Published: 12 June 2007



Alternative splicing (AS) functions to expand proteomic complexity and plays numerous important roles in gene regulation. However, the extent to which AS coordinates functions in a cell and tissue type specific manner is not known. Moreover, the sequence code that underlies cell and tissue type specific regulation of AS is poorly understood.


Using quantitative AS microarray profiling, we have identified a large number of widely expressed mouse genes that contain single or coordinated pairs of alternative exons that are spliced in a tissue regulated fashion. The majority of these AS events display differential regulation in central nervous system (CNS) tissues. Approximately half of the corresponding genes have neural specific functions and operate in common processes and interconnected pathways. Differential regulation of AS in the CNS tissues correlates strongly with a set of mostly new motifs that are predominantly located in the intron and constitutive exon sequences neighboring CNS-regulated alternative exons. Different subsets of these motifs are correlated with either increased inclusion or increased exclusion of alternative exons in CNS tissues, relative to the other profiled tissues.

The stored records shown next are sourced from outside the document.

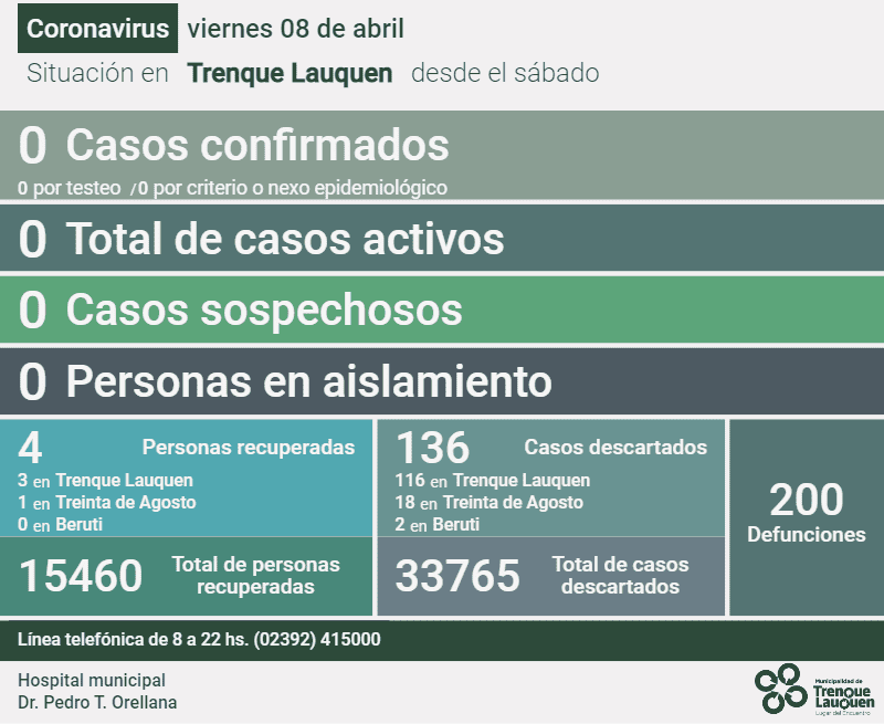 También se descartaron 136 casos: 116 de Trenque Lauquen, 18 de Treinta de Agosto y dos (2) de Beruti, siendo 33.765 los descartados desde el inicio de la pandemia a la fecha.
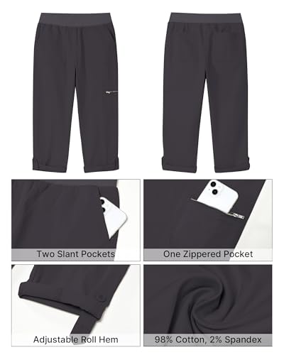 GRAPENT Capri Cargo Pants for Women High Waisted Pull On Elastic Waist Stretch Twill Fold Hem Capris Pants with Pockets 6
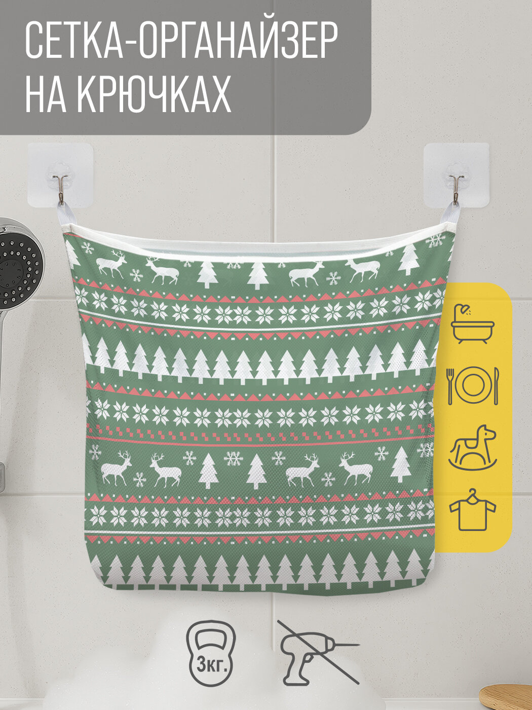 Сетка для игрушек в ванную "Олени в лесу" органайзер для хранения, крючки, 33x39 см, JoyArty, серия Новый год информация:
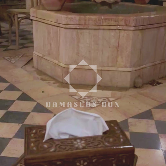 Deze prachtige Damascener tissuedoos is met zorg met de hand gesneden uit gedroogd beukenhout, afgewerkt in een rijke walnoottint, en versierd met 80 stukjes echt parelmoer.
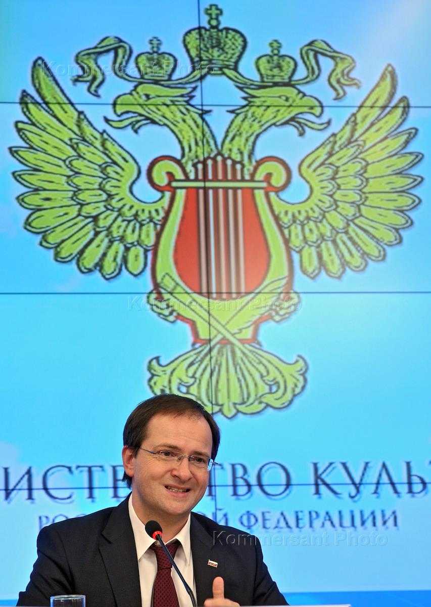 Министр культуры России Владимир Мединский во время пресс-конференции на тему "День российского кино: господдержка, обновление, развитие". Пресс-конференция прошла в РИА "Новости".

Our findings provide new evidence that specific cellular processes in the mammalian CNS are coordinated at the level of AS, and that a complex splicing code underlies CNS specific AS regulation. This code appears to comprise many new motifs, some of which are located in the constitutive exons neighboring regulated alternative exons. These data provide a basis for understanding the molecular mechanisms by which the tissue specific functions of widely expressed genes are coordinated at the level of AS.